> WORK TASK
Each line from the top of the listing down to and including the line with "Praktické silikonové košíčky" must be duplicated exactly; pictures are to be skipped.

> INFORMATION PROVIDED
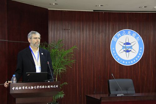 Bucksbaum教授还应邀在上海光机所去年发起的高层次系列学术讲座活动——“清河之光”论坛上作了题为“电子、原子和分子的超快量子控制(Ultrafast Quantum Control of Electrons, Atoms, and Molecules)”报告。上海光机所程亚研究员主持了该论坛活动。Bucksbaum教授报告的主要内容是关于原子和小分子在飞秒或更短时间尺度上的内部运动的量子控制,其时间尺度是由它们的大小和电子结合能决定的,最外层电子的结合能是几十伏每埃,而内层电子是千伏或千伏以上,可以在阿秒的时间尺度上测量。Bucksbaum教授还阐述了他最近的实验和一些新的概念,其中涉及如何利用激光场的时间、光子能量和场强来理解电子、原子和分子之间的相互作用。他的工作中采用两种强场激光光源:强聚焦的红外激光可以在单光学周期内创造这些极端条件,并诱发亚飞秒的原子现象。这是高次谐波和阈上电离现象所涉及的光场。X射线自由电子激光器也可以产生这样的极端光场,但处于更高的振荡频率。这是超快内壳层电离和俄歇弛豫(Auger relaxation)过程涉及的光场。这两种类型的强场现象都产生了飞秒或亚飞秒时间尺度的动力学。报告之后,Bucksbaum教授和与会人员展开了热烈的学术讨论,并与上海光机所OSA学生分会代表就学生分会发展等问题进行了交流。
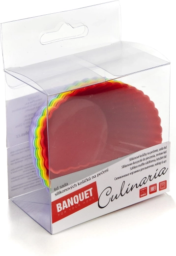 Praktické silikonové košíčky CULINARIA o rozměrech 7,5 × 3 cm v balení 6 kusů pro snadné a opakované pečení muffinů a cupcakeů. Díky kvalitnímu silikonu jsou odolné vůči teplotám až 230 °C, nelepí a hotové pečivo lze snadno vyklopit. Barevný mix (žlutá, oranžová, růžová, fialová, modrá, zelená) dodá pečení hravý styl a údržba v myčce nádobí šetří čas.
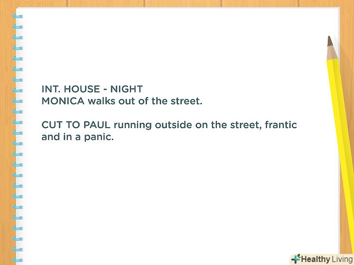 Формат сценарію.у сценаріях використовується особливий формат, який спрощує процес читання тексту. Виконайте форматування вручну або використовуйте програми для сценаристів на кшталт Final Cut і Movie Magic. Використовуються такі елементи:- Заголовки сцен: вказуються великими літерами на початку кожної сцени, щоб пояснити місце дії і час дня. Використовують позначення INT (інтер'єр), якщо дія відбувається в приміщенні, або EXT (екстер'єр), якщо події розвиваються поза приміщенням. Приклад « " INT. Будинок-Ніч " або " EXT. ДОРОГА-ДЕНЬ"»
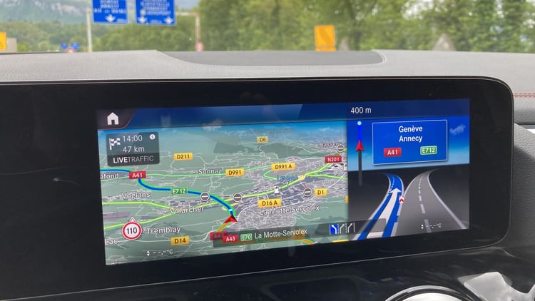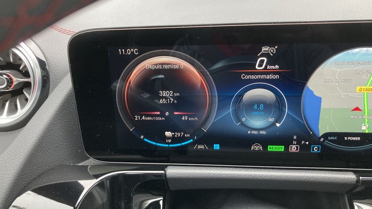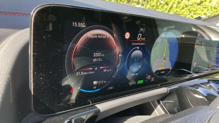 Deux écrans d’un peu plus de 10 pouces sont reliés en enfilade. Celui de gauche affiche par défaut les informations de conduite. Le multimédia avec planificateur occupe celui de droite. Cette tablette est dotée d’une navigation tactile, soit directement en passant les doigts dessus, soit en utilisant un pavé qui prend la place de l’habituel levier de vitesses.

> RESULT OF THIS EXERCISE
 Bucksbaum教授还应邀在上海光机所去年发起的高层次系列学术讲座活动——“清河之光”论坛上作了题为“电子、原子和分子的超快量子控制(Ultrafast Quantum Control of Electrons, Atoms, and Molecules)”报告。上海光机所程亚研究员主持了该论坛活动。Bucksbaum教授报告的主要内容是关于原子和小分子在飞秒或更短时间尺度上的内部运动的量子控制,其时间尺度是由它们的大小和电子结合能决定的,最外层电子的结合能是几十伏每埃,而内层电子是千伏或千伏以上,可以在阿秒的时间尺度上测量。Bucksbaum教授还阐述了他最近的实验和一些新的概念,其中涉及如何利用激光场的时间、光子能量和场强来理解电子、原子和分子之间的相互作用。他的工作中采用两种强场激光光源:强聚焦的红外激光可以在单光学周期内创造这些极端条件,并诱发亚飞秒的原子现象。这是高次谐波和阈上电离现象所涉及的光场。X射线自由电子激光器也可以产生这样的极端光场,但处于更高的振荡频率。这是超快内壳层电离和俄歇弛豫(Auger relaxation)过程涉及的光场。这两种类型的强场现象都产生了飞秒或亚飞秒时间尺度的动力学。报告之后,Bucksbaum教授和与会人员展开了热烈的学术讨论,并与上海光机所OSA学生分会代表就学生分会发展等问题进行了交流。
 Praktické silikonové košíčky CULINARIA o rozměrech 7,5 × 3 cm v balení 6 kusů pro snadné a opakované pečení muffinů a cupcakeů. Díky kvalitnímu silikonu jsou odolné vůči teplotám až 230 °C, nelepí a hotové pečivo lze snadno vyklopit. Barevný mix (žlutá, oranžová, růžová, fialová, modrá, zelená) dodá pečení hravý styl a údržba v myčce nádobí šetří čas.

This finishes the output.